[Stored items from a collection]
######

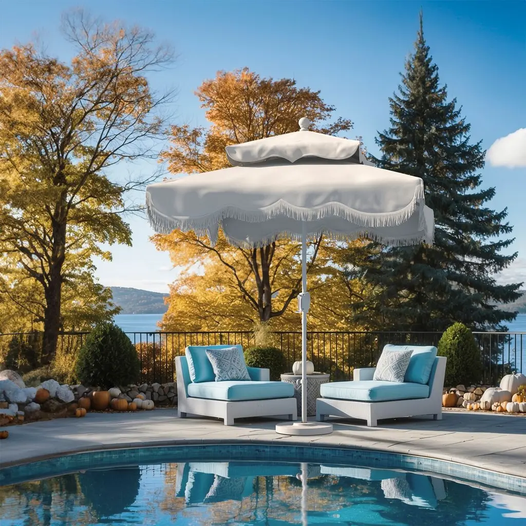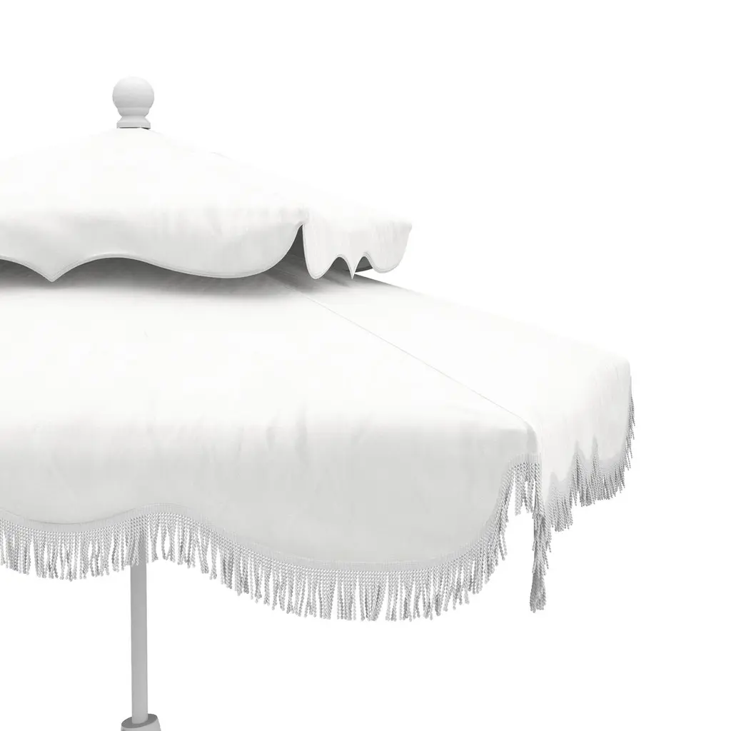 Ripple Fringe Two-tier Square Patio Umbrella, Sunbrella
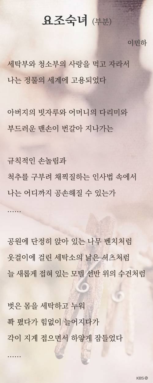 청소하는 아버지와 세탁일을 하시는 어머니 사이에서 태어난 시인은 세탁소에 걸려 있는 셔츠나 반듯하게 접혀 있는 수건을 보면서 문득 오버랩되는 자신을 발견합니다. 세상에서 살아남기 위해 늘 허리를 구부려 공손해야 하고, 마치 정물처럼 감정을 드러내지 말아야 합니다. 파김치가 되어 돌아온 집에서조차 마음껏 두 다리 뻗지 못하고 각이 접히는 세탁소의 옷들처럼 쪼그리고 자야 하는 신세를 떠올립니다.
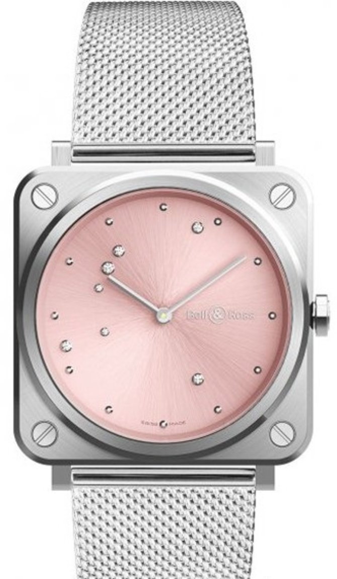 Швейцарская часовая компания Bell & Ross представила наручные часы Aviation BR S Diamond Eagle BRS-EP-ST/SST в стальном квадратном корпусе из нержавеющей стали, сатинированный циферблат розового цвета которых инкрустирован белыми бриллиантами классической огранки. Кварцевый часовой калибр BR-CAL.102 с помощью центральных стрелок из стали способствует индикации часов и минут. На руке владельца часы крепятся с помощью браслета из нержавеющей стали и раскладывающейся застежки. Корпус закреплен 4-мя винтами. Сапфировое стекло, установленное на лицевой части корпуса, покрыто антибликовым составом. Корпус отличается высокой водонепроницаемостью - до 100 метров.
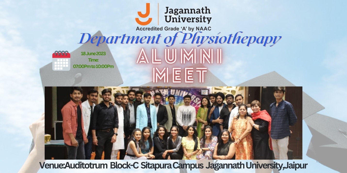 Alumni meet "where dreamers meet doers", alumni meet is the event where colleges call all passed out students and let them interact with each other. It is not only about maintaining a good relationship or connection with the passed-out students but also the alumni meet makes an institute feel proud of its alumni. Alumni meet 2022-23 was conducted by Department of physiotherapy, Jagannath University, Jaipur on 17th June 2023.
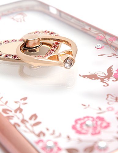 Angel&Favour iPhone 5/6/7 Plus Custodia Flessibile Cover Rosa Strass con Supporto Dell'anello AE78AX7P-7p
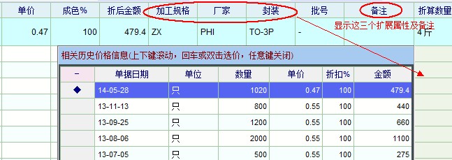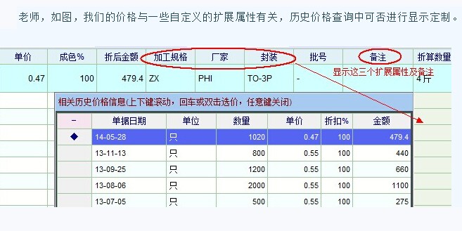 老师,如图,我们的价格与一些自定义的扩展属性有关,历史价格查询中可否进行显示定制。

######

Set down the entries above exactly; no pictures belong in the copy.

 Ripple Fringe Two-tier Square Patio Umbrella, Sunbrella
 청소하는 아버지와 세탁일을 하시는 어머니 사이에서 태어난 시인은 세탁소에 걸려 있는 셔츠나 반듯하게 접혀 있는 수건을 보면서 문득 오버랩되는 자신을 발견합니다. 세상에서 살아남기 위해 늘 허리를 구부려 공손해야 하고, 마치 정물처럼 감정을 드러내지 말아야 합니다. 파김치가 되어 돌아온 집에서조차 마음껏 두 다리 뻗지 못하고 각이 접히는 세탁소의 옷들처럼 쪼그리고 자야 하는 신세를 떠올립니다.
 Швейцарская часовая компания Bell & Ross представила наручные часы Aviation BR S Diamond Eagle BRS-EP-ST/SST в стальном квадратном корпусе из нержавеющей стали, сатинированный циферблат розового цвета которых инкрустирован белыми бриллиантами классической огранки. Кварцевый часовой калибр BR-CAL.102 с помощью центральных стрелок из стали способствует индикации часов и минут. На руке владельца часы крепятся с помощью браслета из нержавеющей стали и раскладывающейся застежки. Корпус закреплен 4-мя винтами. Сапфировое стекло, установленное на лицевой части корпуса, покрыто антибликовым составом. Корпус отличается высокой водонепроницаемостью - до 100 метров.
 Alumni meet "where dreamers meet doers", alumni meet is the event where colleges call all passed out students and let them interact with each other. It is not only about maintaining a good relationship or connection with the passed-out students but also the alumni meet makes an institute feel proud of its alumni. Alumni meet 2022-23 was conducted by Department of physiotherapy, Jagannath University, Jaipur on 17th June 2023.
 Angel&Favour iPhone 5/6/7 Plus Custodia Flessibile Cover Rosa Strass con Supporto Dell'anello AE78AX7P-7p
 老师,如图,我们的价格与一些自定义的扩展属性有关,历史价格查询中可否进行显示定制。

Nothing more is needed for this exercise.